W Jędrzejowie (k. Kielc) spoczywa jeden z najbardziej znanych dziejopisarzy polskich – mistrz Wincenty Kadłubek. Błogosławiony ostatnie 5 lat życia spędził w klasztorze Cystersów
Cystersi przybyli do Brzeźnicy (dawna nazwa Jędrzejowa) w 1140 r., zaledwie 42 lata po powstaniu zakonu. Tu założyli pierwszy na ziemiach polskich klasztor (filię burgundzkiego klasztoru Morimond), a w 1152 r. – najstarszy w Polsce szpital klasztorny.
Trójnawowa bazylika i opactwo znajduje się 2 km na zachód od centrum miasta. Jej wieże przypominają te z krzeszowskiej bazyliki. Początkowo romańska, w wyniku kolejnych przebudów zyskiwała cechy gotyckie i barokowe. Do dziś zachowały się trzy z czterech skrzydeł klasztoru, z resztkami wieży z XII wieku.
W wystroju kościoła dominuje barok; zachowało się też kilka elementów wcześniejszych. Na przykład znajdująca się w przejściu do zakrystii wczesnogotycka kamienna płyta nagrobna kasztelana krakowskiego – Pakosława z Mstyczowa, którą uznaje się za najstarszy zachowany nagrobek rycerski w Polsce (1319 r.).
Opactwo pełni funkcję sanktuarium bł. Wincentego Kadłubka (1160-1223), beatyfikowanego w 1764 r. Mistrz Wincenty jest znany przede wszystkim jako autor opracowania dziejów Polski. Podobnie jak dzieło Galla Anonima, należy ono do rodzaju dziejopisarstwa wieków średnich określanych jako „gesta”, czyli swobodnego typu opracowania historycznego. Nie było w nim istotne dokładne opisanie faktów (jak w dziejopisarstwie nowożytnym), lecz ukazanie czynów i postaw szczególnie godnych upamiętnienia, tak aby z nich inni mogli się uczyć dobrego życia.
Organy na miarę Europy
Reklama
Wincenty Kadłubek należał w ówczesnych czasach do osób bardzo wykształconych. Nauki pobierał w Bolonii lub Paryżu. Za panowania króla Kazimierza Sprawiedliwego został biskupem krakowskim. Jego nominację zatwierdził papież Innocenty III bullą z 28 marca1208 r., czyniąc go tym samym drugim dostojnikiem Kościoła w Polsce, po arcybiskupie gnieźnieńskim. Bp Wincenty zaprzestał pełnienia funkcji w 1218 r. i wstąpił do klasztoru Cystersów w Jędrzejowie. Dziś szczątki Wincentego Kadłubka znajdują się w katedrze na Wawelu, a w Jędrzejowie w kaplicy pod jego wezwaniem przechowywane są jego relikwie w mosiężnym relikwiarzu w kształcie trumienki. W zabudowaniach klasztornych nad pozostałościami kapitularza zachowała się cela błogosławionego.

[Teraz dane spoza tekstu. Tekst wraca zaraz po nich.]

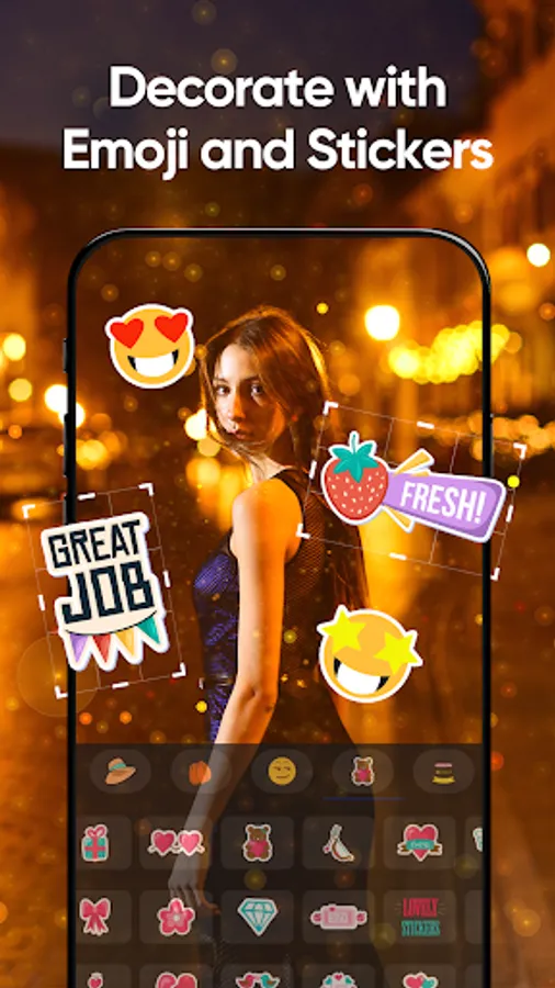 • Enjoy the fun in the photo editing with hundreds of different stickers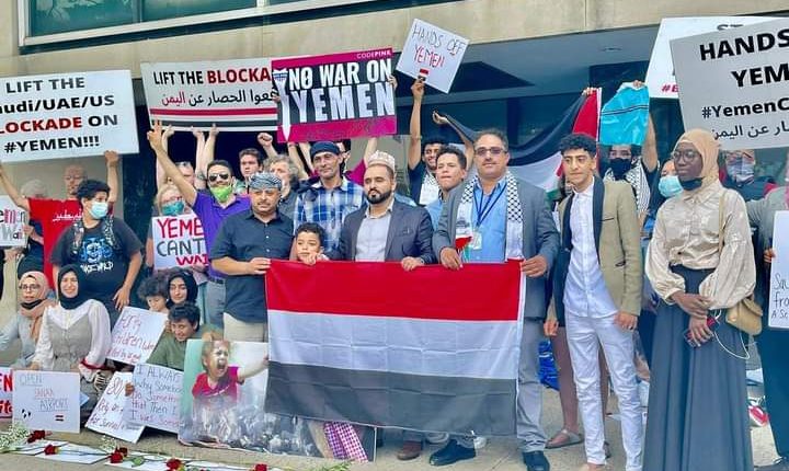 وندد المحتجون باستمرار أمريكا في دعم التحالف وتزويده بالأسلحة الذي يواصل التحالف حربه في اليمن.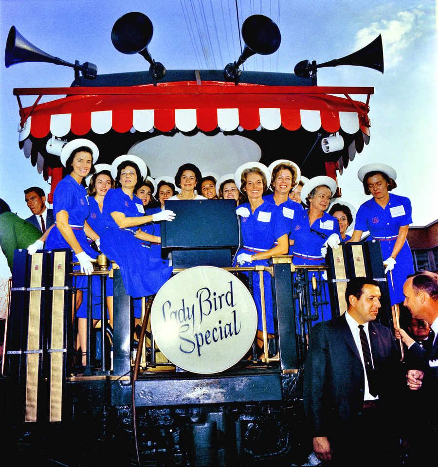 Леди Берд Джонсон, которая была настолько застенчива, что брала уроки публичных выступлений, пока ее муж заседал в Конгрессе, стала первой женой президента, проведшей самостоятельную политическую кампанию и посетившей восемь южных штатов на своем поезде в 1964 году.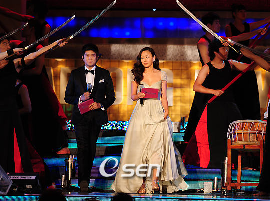 제45회 대종상 영화제 시상식이 27일 저녁 서울시 강남구 삼성동 코엑스 컨벤션홀에서 열렸다. 56개 작품이 출품돼 최우수 작품상, 감독상, 남녀 주연상 등 20여개 부문에서 트로피의 주인공을 가린다. 그 중 영화 '추격자'는 최다인 11개 부문에 노미네이트 돼 그 수상여부에 관심이 쏠려 있다. 이 날 사회자인 최기환과 김아중 무대로 입장하고 있다. /민경훈 기자 rumi@osen.co.kr
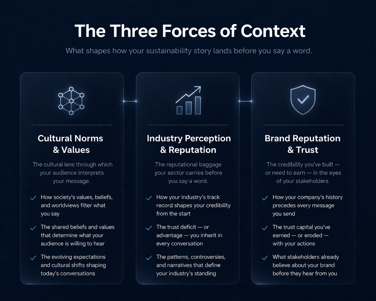 That's the wrong lesson. Context tells you where to start, what language to use, which audiences to prioritize, and what risks to anticipate. Two companies with identical sustainability performance can get completely different reactions from the same audience—because one understood the context it was communicating into and one didn't. That gap is where sustainability communicators earn their paycheck.
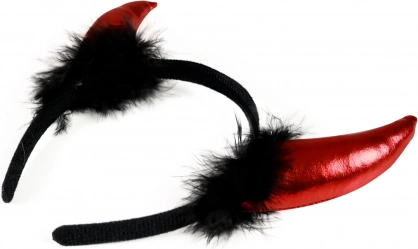 Diabelskie rogi na opasce, ozdobione delikatnymi piórami, dopełnią twój piekielny kostium! Te rewelacyjne różki przemienią cię w czarującą diablicę lub diabła!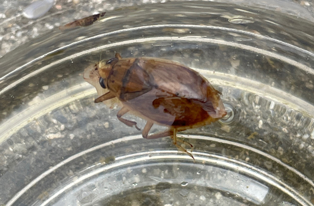 昆虫好きの小学4年生、藤田幸喜さん(9)=東近江市平田町=が見つけたのは、コオイムシ(カメムシ目コオイムシ科)という水生昆虫。藤田さんが通う八日市西小学校のビオトープで発見した。

Autorzy przewodników zwracają także uwagę, że w bazylice jęrzejowskiej znajdują się organy (1745-54), jedne z najbardziej interesujących w Europie. Wykonał je polski organmistrz Józef Sitarski. Późnobarokowe i bogato zdobione, o dużych walorach koncertowych, przetrwały do dzisiejszych czasów niemal bez uszczerbku. W lipcu i sierpniu można ich posłuchać podczas festiwali międzynarodowych muzyki organowej.
Obecnie w klasztorze mieszka ok. 20 mnichów.
Zegarowe dziedzictwo
W Rynku Jędrzejowa, w Państwowym Muzeum im. Przypkowskich z niecodziennymi eksponatami znajduje się m.in. ponad 600 zegarów słonecznych oraz astronomicznych przyrządów pomiarowych. Kolekcja należała do Feliksa Przypkowskiego (1872 – 1951), lekarza medycyny i kolekcjonera, który na swoim domu w Jędrzejowie miał obserwatorium astronomiczne. Jego syn Tadeusz (1905-77) wykonał zegary słoneczne dla Zamku Królewskiego w Warszawie, kościoła Mariackiego w Krakowie i zespół zegarów na obserwatorium w Greenwich.
Obrońcy polskości
Reklama
Mieszkańcy Jędrzejowa szczególnie wyróżnili się w historii. Warto wiedzieć, że jędrzejowianie od początku brali udział w powstaniu listopadowym. Stąd pochodził ppor. Ludwik Borkiewicz, jeden z członków sprzysiężenia podchorążych, w którego mieszkaniu odbyła się narada dotycząca zamachu na wielkiego księcia Konstantego. Poseł jędrzejowski i sędzia pokoju w Jędrzejowie Jan Ledóchowski, poparty przez galerię Sejmu, doprowadził do detronizacji cara. Żołnierze z ziemi jędrzejowskiej walczyli podczas powstania listopadowego w 10. pułku pod dowództwem ppłk. Piotra Wysockiego, biorąc udział w obronie Woli i jako 3. szwadron jędrzejowski w 1. pułku krakusów.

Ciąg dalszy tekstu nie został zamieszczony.